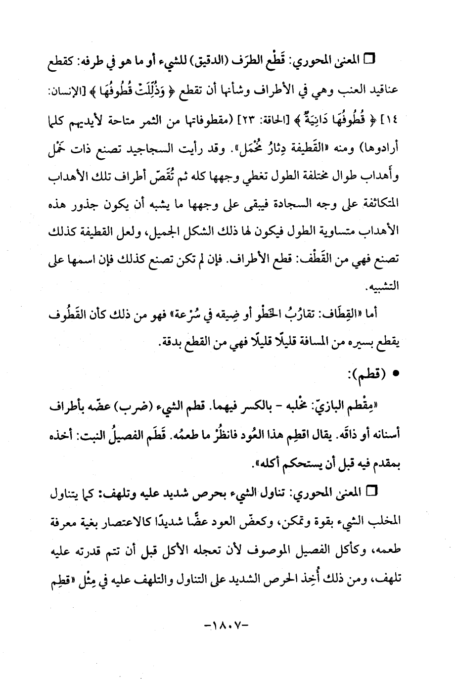 Qقَطْع الطرَف (الدقيق) للشيء أو ما هو في طرفه: كقطع عناقيد العنب وهي في الأطراف وشأنها أن تقطع {وَذُلِّلَتْ قُطُوفُهَا} [الإنسان: 14] {قُطُوفُهَا دَانِيَةٌ} [الحاقة: 23] (مقطوفاتها من الثمر متاحة لأيديهم كلما أرادوها) ومنه "القَطيفة دِثارُ مُخْمَل ". وقد رأيت السجاجيد تصنع ذات خَمْل وأَهداب طوال مختلفة الطول تغطي وجهها كله ثم تُقَصّ أطراف تلك الأهداب المتكاثفة على وجه السجادة فيبقى على وجهها ما يشبه أن يكون جذور هذه الأهداب متساوية الطول فيكون لها ذلك الشكل الجميل، ولعل القطيفة كذلك تصنع فهي من القَطْف: قطع الأطراف. فإن لم تكن تصنع كذلك فإن اسمها على التشبيه.
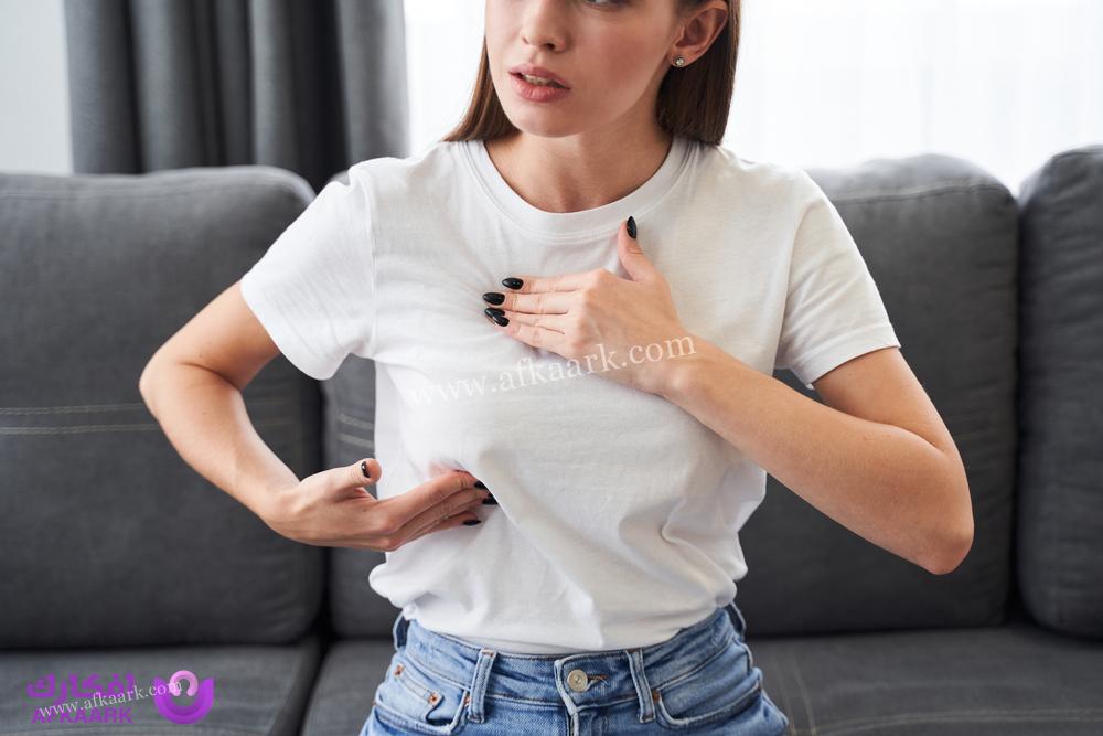 • الشعور بألم وعدم راحة بالثدي خصوصًا عند لمس منطقة الصدر.
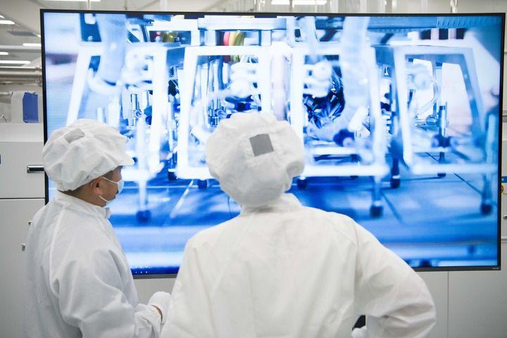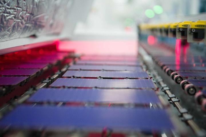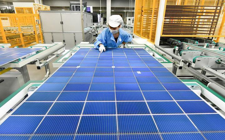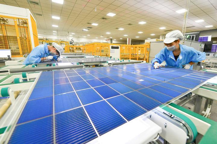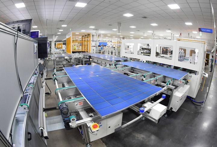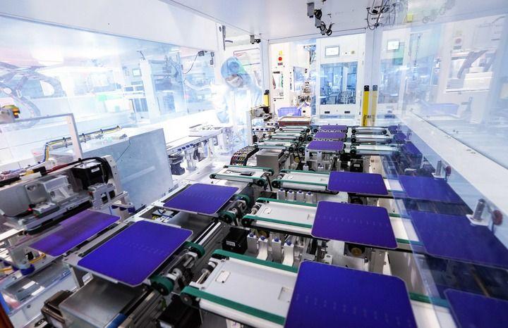 安徽合肥,全球单体产能最大的异质结光伏电池及组件一体化工厂,工业机器人将一个个硅片投送到一架白色机器的腔体,经过绵延的智能化流水线,状如手机大小、薄如纸片的光伏电池片便下线了。
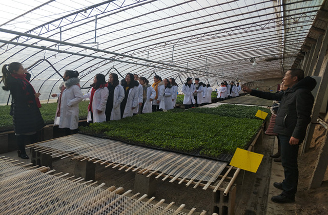 金大鵬專業(yè)合作社張經(jīng)理帶領(lǐng)師生參觀了自動化育苗生產(chǎn)車間、育苗大棚等。參觀過程中,張經(jīng)理向?qū)W生詳細(xì)介紹了自動化育苗的流程、自動化灌溉設(shè)施、引進(jìn)的蔬菜新品種、溫室管理新技術(shù)等。藍(lán)天花卉公司袁經(jīng)理向?qū)W生介紹了常見的花卉品種及生活習(xí)性,學(xué)生們邊走邊看邊記,學(xué)習(xí)熱情異常高漲,真正實現(xiàn)了在做中學(xué),學(xué)中做。
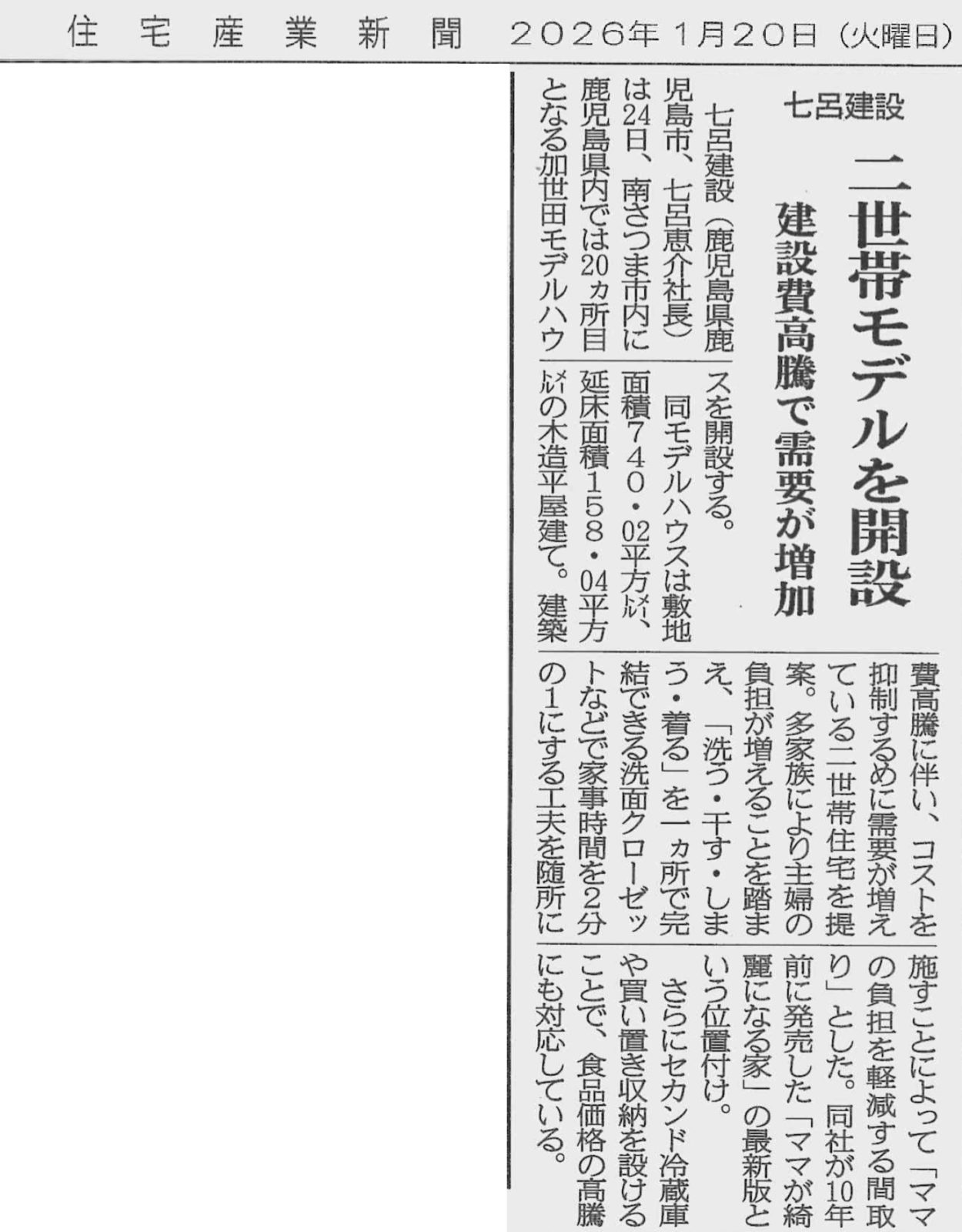 2026年1月20日(火)付の住宅産業新聞に、七呂建設の加世田モデルハウスについて掲載されました。
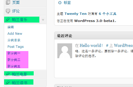 但不管怎么说,整合了这个功能还是挺让人激动的。反正需要才激活,不需要也没影响。WordPress3.0在其它方面还有很多的更新,比如后台的风格稍微改变了一些。

====

__What is needed__: Within the listing above, the stretch from the line with "لمس منطقة الصدر." down to the line with "安徽合肥,全球单体产能最大的" is to be given again exactly, end lines included and pictures excluded.

__Response below__:
 • الشعور بألم وعدم راحة بالثدي خصوصًا عند لمس منطقة الصدر.
 安徽合肥,全球单体产能最大的异质结光伏电池及组件一体化工厂,工业机器人将一个个硅片投送到一架白色机器的腔体,经过绵延的智能化流水线,状如手机大小、薄如纸片的光伏电池片便下线了。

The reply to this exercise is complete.